00 flour pizza dough San Marzano tomatoes Buffalo mozzarella I've been improving my pizza game for a while now and I've come fairly close to the technique behind an actual neapolitan pizza considering that I'm working with an electric oven. Still, I can barely even get my hands on the authentic ingredients for one. I've just recently found that I can get the tomatoes from a local store, now I need to round up the rest. It won't be a wood fired one, but I found a decent way to do it with the broiler and a baking stone. Little did I know when I started making pizzas that it would be an all-consuming quest.
I or rather my wife and I made some great pizza in an electric oven. it had a broken thermostat and got up to something close to 900 degrees.
I haven't seen that one before. Why can't authenticity be simple? Regardless, supposedly even the American-grown ones are an improvement over standard canned tomatoes. However I did get a can of Italian ones from near mount Vesuvius. I haven't tried them yet though.
These look great. What accounts for the different color of the crusts?

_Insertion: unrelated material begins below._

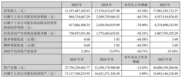 2025 年,晶盛机电实现营业收入113.57 亿元,同比下降 35.38%;归属于上市公司股东的净利润8.85 亿元,同比下降 64.75%;扣除非经常性损益后的净利润6.17 亿元,同比下降 74.90%;经营活动产生的现金流量净额7.39 亿元,同比下降 58.33%。

The below one is much more "orange."
Cool. I have another post card all set for you when this one arrives. I was just at a concert and I looked all over for a postcard there that had the location on it but couldn't find one. Not even the bed and breakfast had one. Bummer. Still, I have a good one to send you next. Postcards are fun.

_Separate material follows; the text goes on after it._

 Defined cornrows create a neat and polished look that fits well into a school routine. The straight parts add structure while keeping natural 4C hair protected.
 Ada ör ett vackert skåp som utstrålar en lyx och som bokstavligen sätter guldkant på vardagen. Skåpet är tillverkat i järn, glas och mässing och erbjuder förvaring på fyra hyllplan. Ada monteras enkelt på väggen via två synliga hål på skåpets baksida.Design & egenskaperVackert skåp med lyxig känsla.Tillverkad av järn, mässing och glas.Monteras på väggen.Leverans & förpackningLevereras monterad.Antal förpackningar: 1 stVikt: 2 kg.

Ah, I thought that first pic was a bit staged-looking. Those look plenty good too. That site I linked you to before has a good pizza section called, "Slice" that covers all things pizza, including regional pizza styles within the U.S. and sometimes other countries as well. Their guides to making different styles of pizza is pretty great too. I don't make Neapolitan pizza, personally. I'd love to, but for a long time location and availability of ingredients forced me to improvise. Next time I make some I'll take some snaps.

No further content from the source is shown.